That sounds OK, but it doesn't necessarily work real world. Linux
handles task swapping crisply, Windows congeals into sluggish mush.
Any host CPU will have its pipes completely filled. There won't be
any excess capacity to do other things. User latencies will appear.
This thing filled a cluster of 16 Opteron-848s and ran it flat out.
One suspects folks would be happier were it explicitly confined to a
single CPU. Anway, it's crunching in four Xeons, two Athlons, and a
Pentium4 as you read this. Intel makes crap CPUs.
> > 2) It is also a small project. We've got 17,000 points
> > calculated.
>
> Ponits of what? Some graph? Don't you have an analytic expression? It's
> a sphere, no?
Build a sphere, calculate CHI. Increment the radius, do it again.
The smallest radial increment at which CHI fluctuates varies inversely
as the square of the radius. That the original sampling of 711 radii
between 3 A and 1.1 million A radius worked at all floored a number of
people. Even with 25K-50K points we are looking at an infinitesimal
fraction of the available data. Do you believe that random extremes
neatly cancel in a random sampling?
We have three analytic expressions: Pure math that sets the slope
(looks to be exact vs. real world), a one parameter model for the
intercept (within 6% of real world for quartz), and grinding out real
world data by the book. It is the goodness of fit between theory and
crystal structure data that we are exploring. The crystal structure
is only good to 3% (which is awesome. It's a tough row to hoe). A
real world crystal will contain a remarkable assortment of
imperfections. What is truth? What is publishable?
> > on silly. The far right points - the rightmost one being 444
> > quadrillion atoms - chewed 900 hrs in a cluster of 16 Opteron-848s at
>
> Oh, you want to change the size of the sphere.

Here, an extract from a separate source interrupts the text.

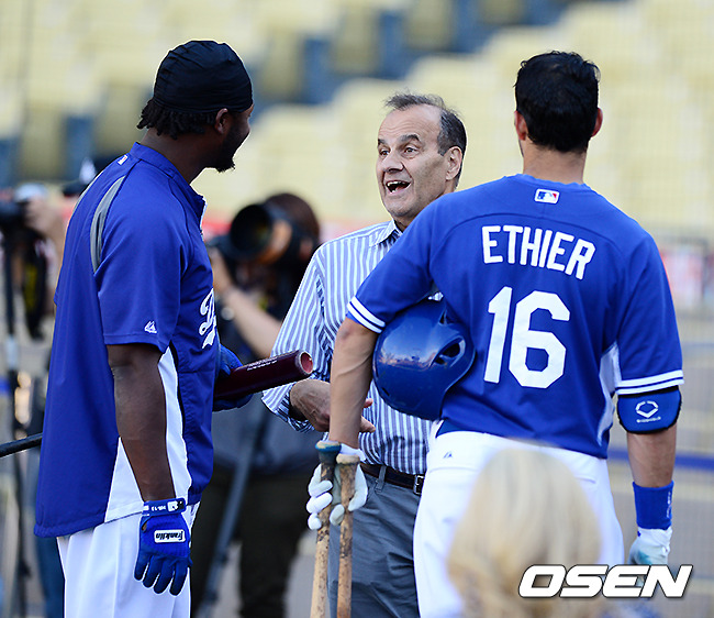 경기에 앞서 조 토리 메이저리그 부사장이 다저스 라미레즈, 이디어와 이야기를 나누고 있다.
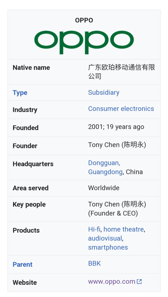 Guangdong OPPO Mobile Telecommunications Corp., Ltd, commonly referred to as OPPO, is a Chinese consumer electronics and mobile communications company headquartered in Dongguan, Guangdong, in China, and known for its smartphones, Blu-ray players and other electronic devices. A leading manufacturer of smartphones,[1] OPPO was the top smartphone brand in China in 2019 and was ranked No. 5 worldwide.[2] It is a subsidiary of BBK Electronics. It is a part of BBK Electronics Corporation along with OnePlus, Vivo and Realme.

The quartz lattice is anisotropic. Every time the radius increases
enough to add two atoms (has to be at least two by symmetry) CHI
fluctuates. We need an extrapolated answer for a centimeter diameter
lump from calculations at atomic lattice scales. There is a certain
justified belief that crap will happen while we are bridging the
distance gap. It turns out things look clean over six orders of
magnitude no matter how close we look. That silences learned critics
(who are familiar with their own fast and loose antics).
[snip]
> You can label the lines red and blue.
I'll use tiny crosses instead of tiny dots against total disappearance
with photoreduction, and reverse the line black to white over the
dense area. "8^>) Gnuplot can only mark the axes in whole pixels.
Referees will complain about an extra pixel or one missing here and
there. You can imagine the dialog,
Referee, "Get an graphic artist to do it."
Uncle Al, "Plot 25,000 points to four significant figures by hand?"
Where would we be without Management?